Но сам был тогда уверен, что так надо, чтобы учили именно эту фальшивую историю партии. Я мог даже сказать Шуре Мипозу, что надо бы купить вот это новое роскошное издание «курса» — у меня такого нет. Шура, конечно, высмеял меня: он был много умнее. Более того. В тексте «курса» я находил целые куски из стенограмм профессора Минца, по которым еще в прошлом году готовился к экзаменам[92]. Стенограммы эти, конечно, исчезли. Но удивительнее всего, что и я их искренне забыл. И когда стали официально заявлять, что Сталин лично написал четвертую главу, а потом — что он написал весь «Краткий курс», мне это не показалось удивительным, хотя, по совести, я не думал и что Минц за год до выхода этой основополагающей книги списал все у Сталина. Просто назойливое повторение одного и того же дало свои плоды, оглупило нас.

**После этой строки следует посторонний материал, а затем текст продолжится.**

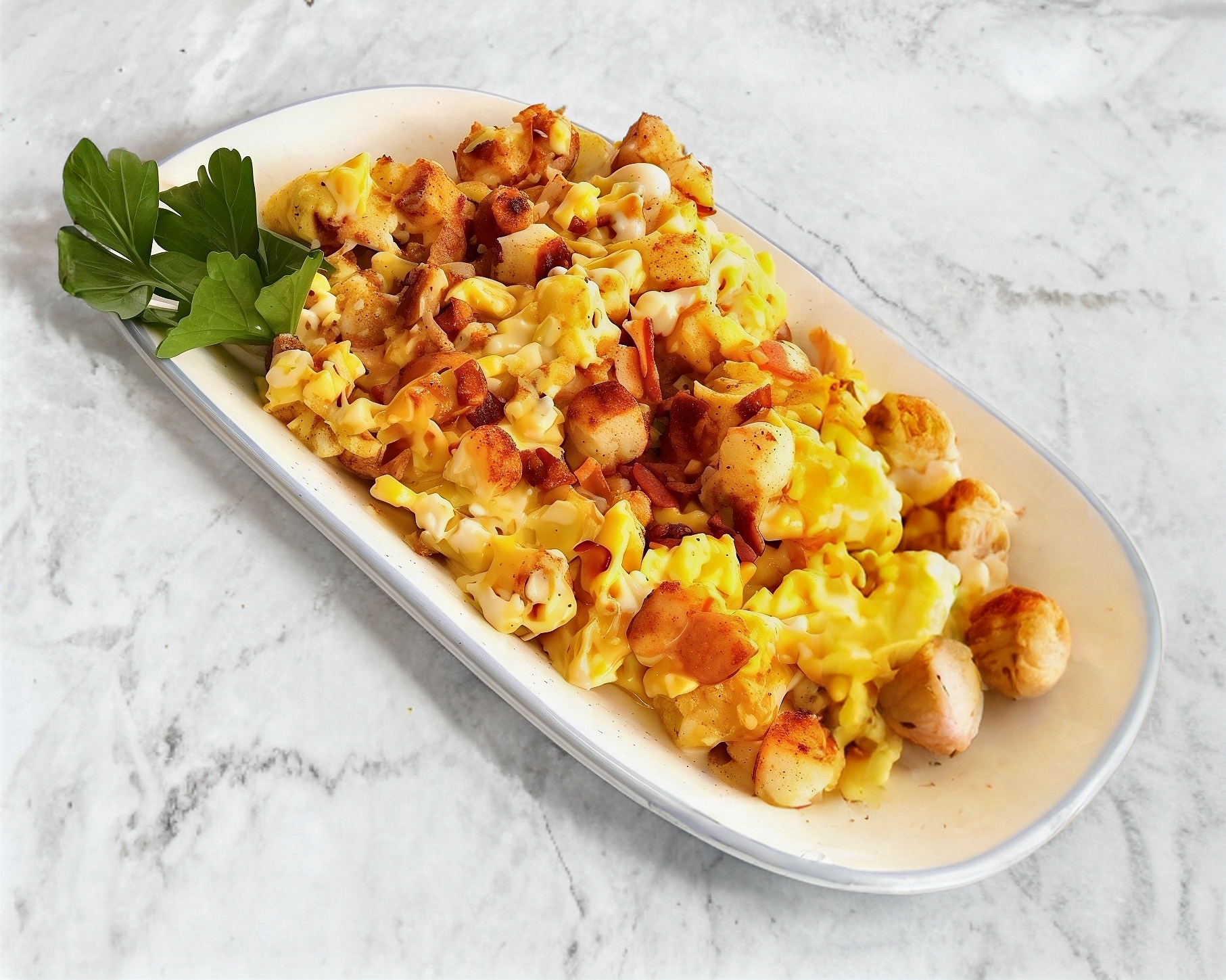 3 Huevos revueltos o estrellados, acompañados de 3 tortillas o un bolillo más salsa de la casa.

Дома у нас не висело никаких портретов. Но однажды брат Витя принес с квартиры свояка и повесил портрет Сталина. Отец, который никогда не вмешивался в то, как нам украсить свою комнату, неожиданно резко потребовал, чтобы портрет убрали. Я уже смотрел на это как на старческое чудачество: зачем убирать, когда все равно он везде висит — и в публичных местах, и в квартирах. Например, у моего любимого профессора Сказкина — над письменным столом.

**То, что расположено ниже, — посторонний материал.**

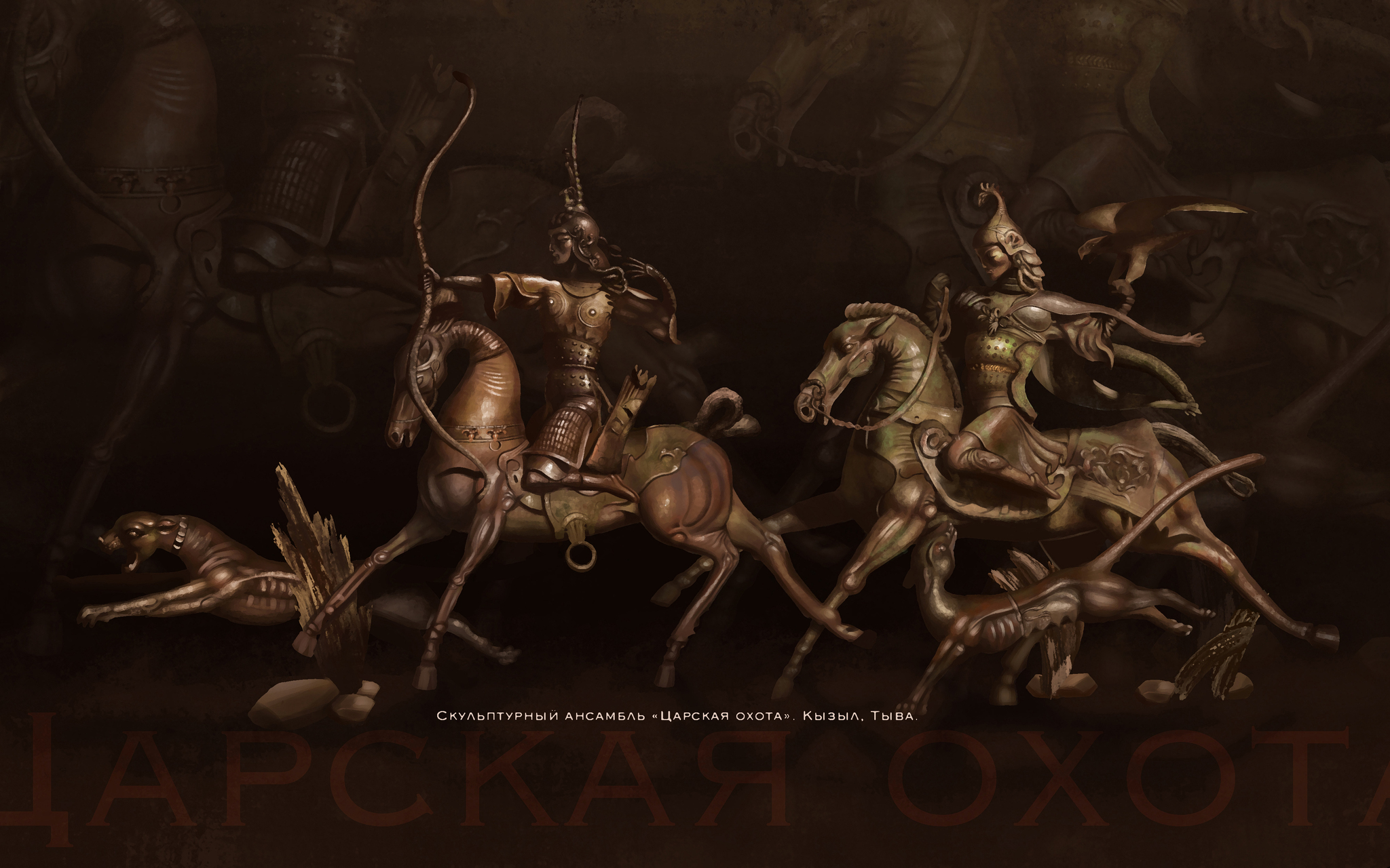 Рисунок скульптуры «Царская охота» Д.Намдаков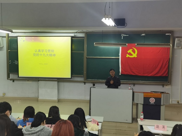 副教授刘雪影为大家上了第一堂党课《认真贯彻学习党的十九大精神》。刘雪影针对“为什么冠以习近平同志的名字?”“为什么说中国进入了新时代?”“为什么突出中国特色社会主义?”“习总书记视察江西有何深意?”这四个问题作了深入细致的解读。与此同时,他希望大家严格要求自己,自觉接受党组织和同学们的监督和帮助,坚持不懈克服自身的缺点,弥补自己的不足,积极向党组织靠拢。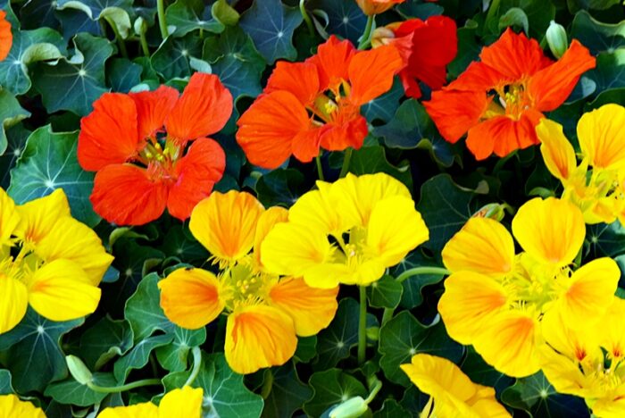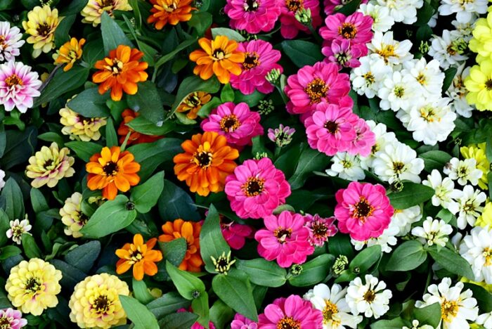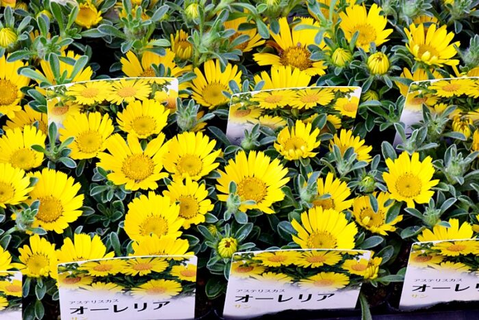 真夏でも休まず花を咲かせます。黄色やオレンジの鮮やかな花弁と、中心の濃い茶色や黒(筒状花)とのコントラストが美しい。耐暑性・耐寒性が非常に強く、初心者でも育てやすい非常に丈夫な植物です。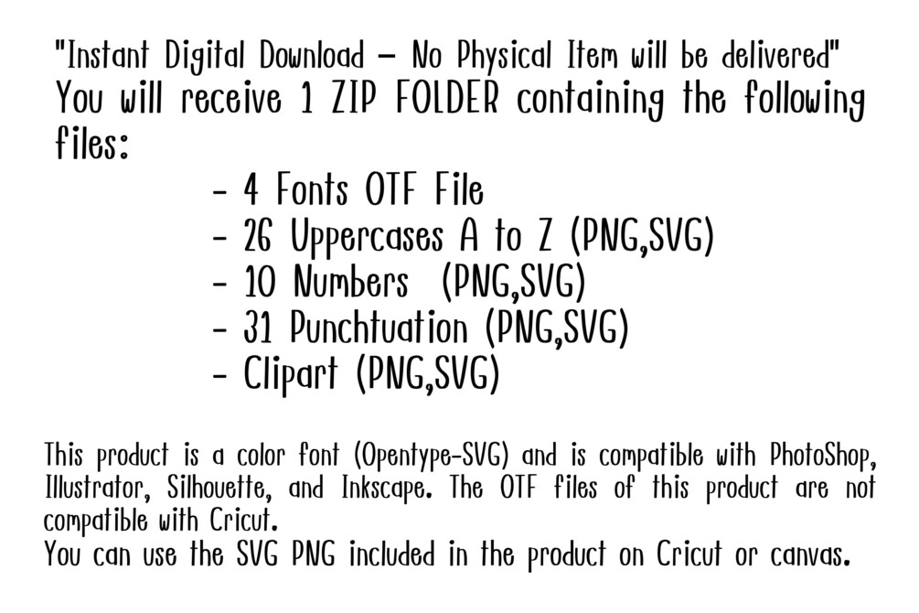 You will receive 4 FOLDERS in 1 ZIP file containing the following files: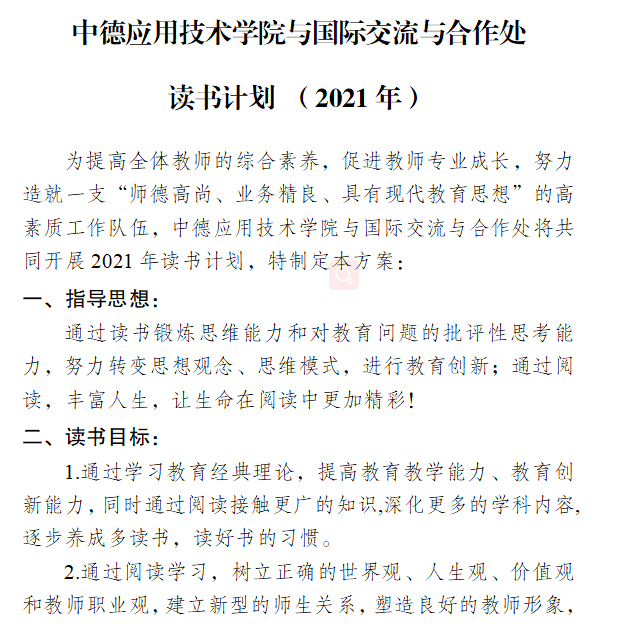 本学期初,国际交流与合作处(以下简称“国际处”)和中德应用技术学院(以下简称“中德学院”)积极响应学校的号召,联合开展了全体教师阅读工作,制定了科学详细的年度读书计划,还将董事长推荐的“信息产业大咖传记阅读计划书单”作为必读书单,希望通过阅读提高全体教师的综合素质,努力造就一支“师德高尚、业务精良、具有现代化教育思想”的高素质队伍。

Через некоторое время я сам принес андреевский портрет Ленина[93]. Удивился, что отец отнесся к нему положительно. Для меня Ленин и Сталин были тогда уже одно.
А когда мы видели беззакония и жестокость, на выручку приходила пресловутая теория «леса и щепок».
Как-то к нам зашел Павел Эдуардович Фере. Он отбывал ссылку и приехал в Москву едва ли не тайком. Когда он ушел, разгорелся очередной спор.
— Так что, и Павлуша — вредитель? — налетал на меня отец. — Павлуша, который еще в пятом году помогал крестьянам захватывать помещичьи имения?
— Нет, я не думаю, что Павел Эдуардович — враг народа. Тут какая-то ошибка. Но ведь, когда лес рубят, всегда щепки летят!
— Знаем! Сами в щепках бывали, — каким-то вдруг поникшим голосом сказал отец.
Это было уже незадолго до его смерти. Отец умер в 1940 году, к счастью, не дожив до войны. Хоронили его достойно: искреннее горе его сослуживцев и пациентов как-то помогало нам.
Хоть я еще не кончил тогда университета, юность ушла безвозвратно вместе с отцом. Последний год — это забота о семье, о заработке, напряженная подготовка к госэкзаменам. Я и не услышал даже речи Молотова о нападении на нас Гитлера (пресловутый союз с фашистами был морально так тягостен весь этот год).
Война наступила раньше, чем последний государственный экзамен.
Москва, 1969 г.
Конец августа. Последние дни лета.
В этом году много солнца. Даже жара. И предвечерняя прелесть Москвы-реки, глубокий покой ее излучины в Николиной горе. В лучшие дни ветерок ровно шумит вершинами сосен. Кажется, такая же чудесная погода была и в то лето 1939 года. Вернувшись из экспедиции, я сразу рванулся тогда к Боре на дачу. Много мне посчастливилось бывать на дачах, которые снимала тетя Беля. Всегда это были спокойные, уютные, хорошо устроенные гнезда для семьи, где-нибудь недалеко, но все же в стороне от железной дороги и потока дачников.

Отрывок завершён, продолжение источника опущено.